I came up with my groan-inducing editing pun, “That’s a fade worse than death,” years ago, after a particularly long and frustrating edit session. I was working on a fairly simple 30-second television spot in a room with an edit committee. Account people, copywriters, art directors and a creative director all filled every available space in the room. That, in itself, wasn’t a problem; what they were fighting about was—the fade to black at the end of the spot.
We looked at 30 frame fades, 15 frame fades, a soft cut and a hard cut. This went on for over a half an hour. Now, I’m perfectly willing to argue and experiment the intricacies of any edit, for hours even, if that edit makes a difference.
But, in this case, it was an ordinary static product shot with the client logo. There was no complicated storyline or an extraordinary sound design or some sort of overarching concept. It was just a spot that sold product.
A 15-frame fade won the day. The spot aired, the viewers watched, and the product sold. And I was stuck with this bad pun.
But I’m reminded of it on a somewhat frequent basis when I see a common mistake some editors do—not finessing the fade to black.
When finishing a piece that ends with multiple layers, let’s say a product shot with a second layer containing a logo, how you do the fade matters. The common technique is simply to add a fade (or dissolve, depending on software) to each layer and you’re done.

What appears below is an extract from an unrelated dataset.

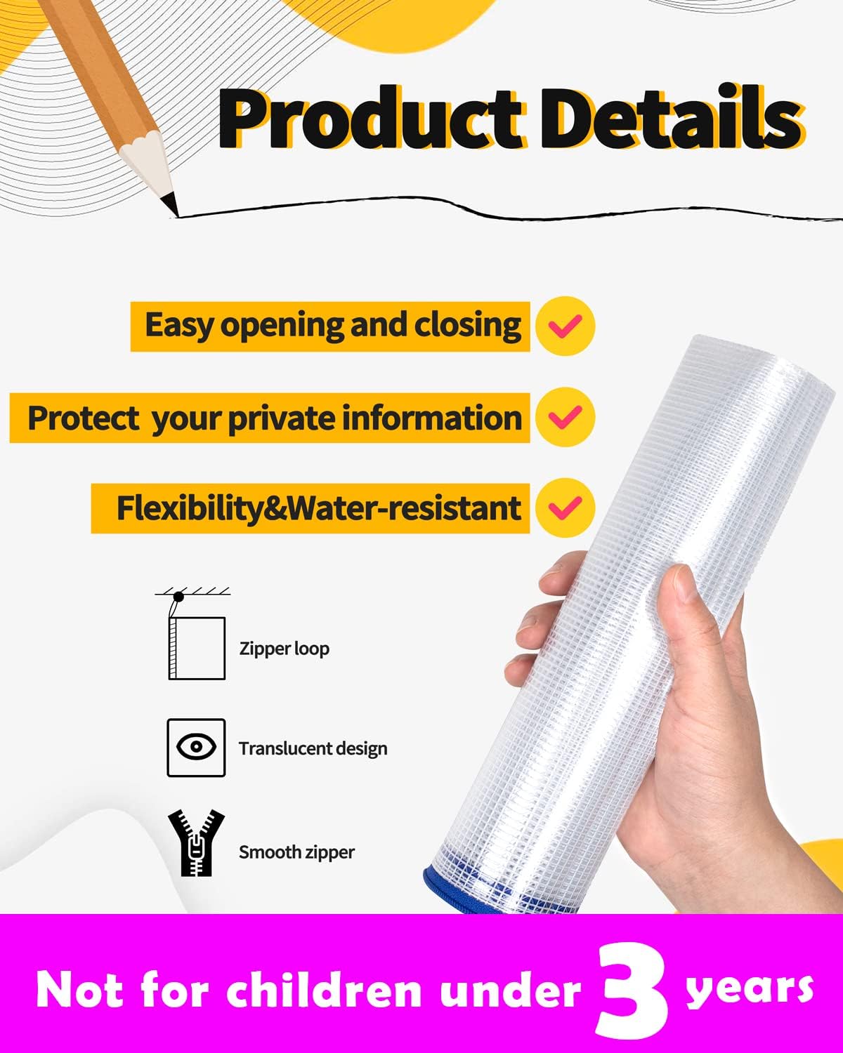 - DURABLE & PORTABLE: SUNEE zipper file bags are made of thick vinyl material, water-resistant, moisture-resistant. Each metal zipper is equipped with a rope loop, which is strong and durable. It can be used as a hanging ring and ready to hang

The issue with using two fades like that is that the top layer will fade away showing the background image, through itself. Unless you really want that look, really, you want to have the whole composite fade away.
Now, you could nest the two layers and fade the nested clip, but that makes it a little less flexible to adjust the composite. You have to open the nested clip to reposition the logo, for example.
A simple way of getting the whole composite to fade away is to add a short clip of black to a layer that’s on top of your other layers. Start this clip right when you want to start your fade and add a dissolve at the start of this clip.
This technique will take your composite to black as a complete piece rather than just fading off each layer. It’s truly a fade to black.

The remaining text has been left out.